Should z. B. the conductance of the measuring capacitor 1 supplied air are measured, first, according to the one shown in the drawing Position of switch 4 and changeover switches 6 and 7, induction capacitor 3 A voltage is supplied which is transmitted to the measuring capacitor I by induction will. This creates a tensile field on the measuring capacitor 1 through which the supplied Air, depending on the position of the switch 7, its positive or negative ions the assignment 1b of the measuring capacitor I emits.

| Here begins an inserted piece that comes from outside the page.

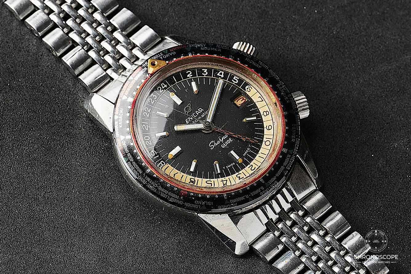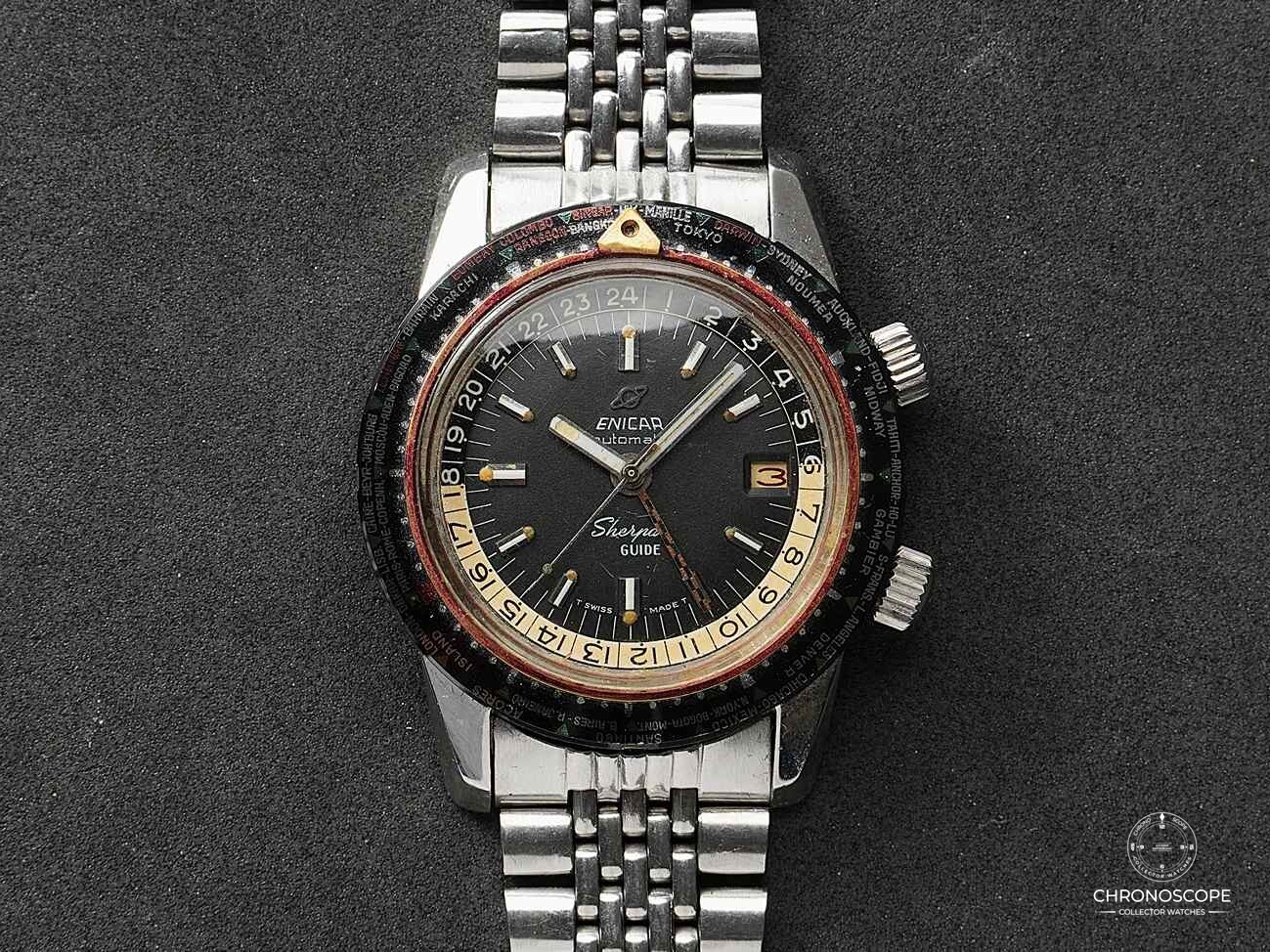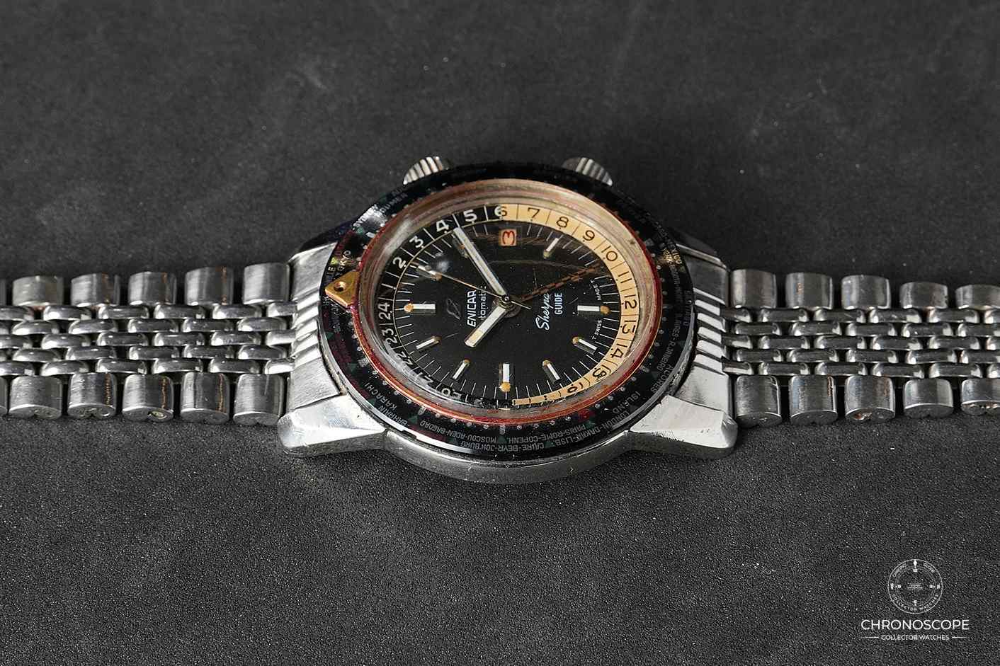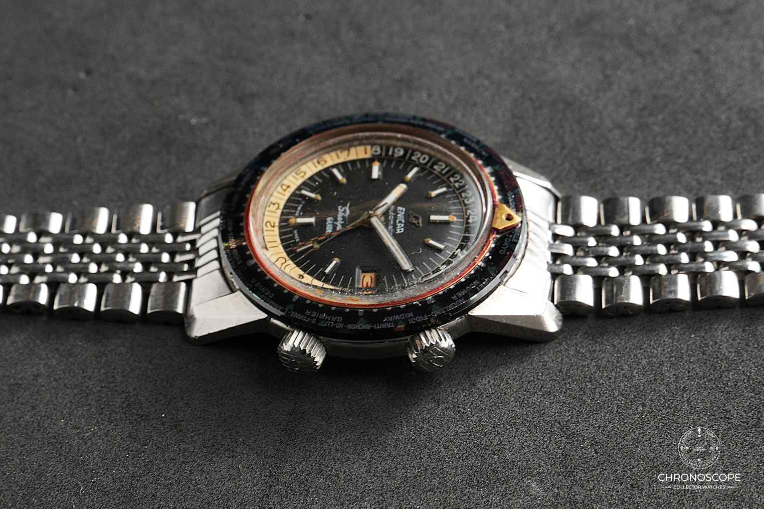 This very model has utilitarian toolwatch hints written all over, it combines a Super Compressor case, a 24 hour inner rotating bezel, a GMT hand and a world timer outer bezel. This is an honest vintage tool watch in original and overall good condition, and comes fresh from service by a well known Enicar specialist.

Then the switch 6 and the switch 4 is thrown and thereby the influence capacitor 3, without a discharge the air ions given off to occupancy 1b are placed on earth and the occupancy 1b of the measuring capacitor I is connected to the measuring instrument.

(Dotted position of switches 6 and 4.) On the measuring instrument can now be the charge or discharge of the measuring capacitor caused by the air ions I can be read immediately.

The measuring range of the measuring instrument used is thus independent of the size of the voltage required and only needs the size of the correspond to the measuring conductance.

It is useful to switch the switch 6 by means of the bridge 8 with the Switch 4 to be coupled, so that both circuits with one handle for the measurement can be done.

The method according to the invention can be used in an equally advantageous manner used in connection with ionization chambers or any other measuring capacitor will.

Claims (4)

PATENT CLAIMS: 1. Method of measuring very small electrical Conductance values at which the change caused by the conductance to be measured is a charge applied to a measuring capacitor is measured, characterized in that that the train charge on the measuring capacitor is generated by induction and before the measurement is taken away. 2. The method according to claim 1, characterized in that for measurement a measuring instrument is used whose measuring range only corresponds to the size of the to corresponds to the measuring conductance. 3. The method according to claim I and 2, characterized in that the, Charge by means of a connected between the voltage source and the measuring capacitor Influence capacitor, which has a very high insulation value, on the measuring capacitor is influenced. 4. The method according to claim I to 3, characterized in that the The polarity of the direction of the pulling field of the measuring capacitor can optionally be reversed.